Our results also confirmed the presence of significant regional differences in the K1, VT, and k2 distributions for both tracers at baseline. Overall, the highest baseline VT and K1 values for both tracers were found in cortical regions such as occipital and orbitofrontal cortex, and in the case of [18F]MC225 higher VT and K1 values were also found in the cerebellum. These findings agree with previous publications where the highest uptake at baseline for both tracers in rats was found in frontal cortex and cerebellum [33, 49]. Since at baseline the P-gp function is working adequately, this may suggest that cerebellum and cortical regions display a lower P-gp function compared to other brain regions. However, after the P-gp inhibition, the regional differences between tracers were reduced, indicating that some regions were more affected by P-gp inhibition than others. In (R)-[11C]verapamil the most affected region was the midbrain whereas in [18F]MC225, it was the striatum. For both tracers, the regions less affected by P-gp inhibition were the cerebellum and orbitofrontal cortex. These results also suggest that subcortical areas may have a higher P-gp function than frontal cortex and cerebellum.

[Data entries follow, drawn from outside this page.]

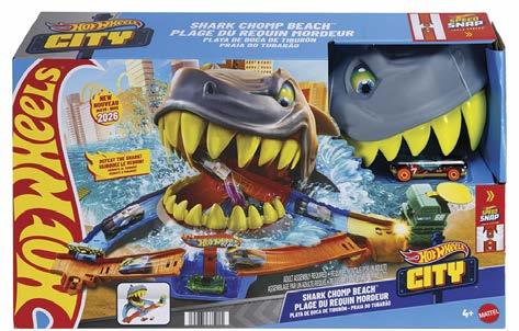 Hot Wheels: City: Shark Beach Battle (2) √ Kids and their Hot Wheels toy cars take on a hungry shark nemesis in the Hot Wheels City Shark Chomp Beach Playset. Adjust the pivoting launcher to take one of two paths: stunt over a gap jump to avoid the shark, or take direct aim at it with a full figure-8 stunt. The trick is to launch cars hard enough to escape unscathed and knock the shark out. With a simple reset, kids can take the challenge again. The set features Speed Snap Track System connection points to attach it to other tracks and sets. One die-cast Hot Wheels car is included.
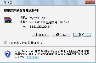 3、選擇文件格式后,頁面上會進入假死狀態,實際上是服務器端在壓縮文件,不要做其他的操作,壓縮完成后 會彈出下載提示框,點擊保存即可下載到本地。如圖: 以上就是一些常用到的功能說明,太大的文件上傳,建議使用FTP,上傳后采用文件管理器的解壓功能進行解壓,然后設置權限, 并移動到正確的路徑下。
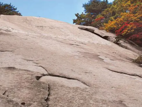 북한산 곳곳에 나타나는 판상절리. 오른쪽 사진에는 양파 껍질 벗겨지듯 박리현상이 보인다.
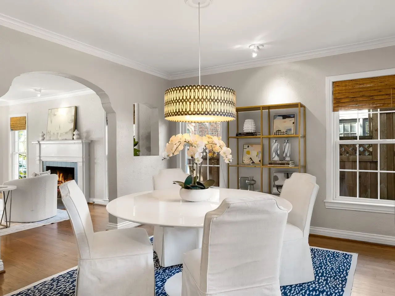 Welcome home to your charming two story traditional in desirable Mockingbird Elementary! Situated on a corner lot on a beautiful block. This is not one to miss! Four beds, one downstairs could serve as a study with ensuite bath. 2773 total sqft. Greeted by light filled formal living, open floorplan leads you to full size dining room & eat in kitchen complete with stainless steel appliances. Attached family room overlooking turfed backyard, with large deck perfect for entertaining & outdoor dining. Fabulous primary suite with oversized shower, dual vanities & walk-in closet. The most darling secondary bedrooms share updated full hall bath. Home features beautiful hardwood floors. Attached garage with side entry. A short distance from neighborhood restaurants & attractions.

The study also described simplified quantification methods. SUV values do not reach a stable value during the 30-min-PET scan and therefore, they should not be used to estimate the P-gp function. Previous studies suggested the use of the negative slope of the whole-brain SUV-TAC as a simplified parameter to measure the P-gp function [39]. Since the 30-min SUV-TACs of both tracers did not show any washout, the negative slope could not be calculated. Instead, a positive slope using the first 75 seconds of the PET scan, which may be related to the entry of the tracer in the brain, was calculated and correlated to the kinetic parameters. The results showed a good correlation between the positive slope and the K1 and VT of both tracers. Thus, the positive slope may be used as a surrogate parameter to estimate the P-gp function, avoiding the blood sampling and full kinetic analysis. This method may facilitate the assessment of the P-gp function in clinical studies.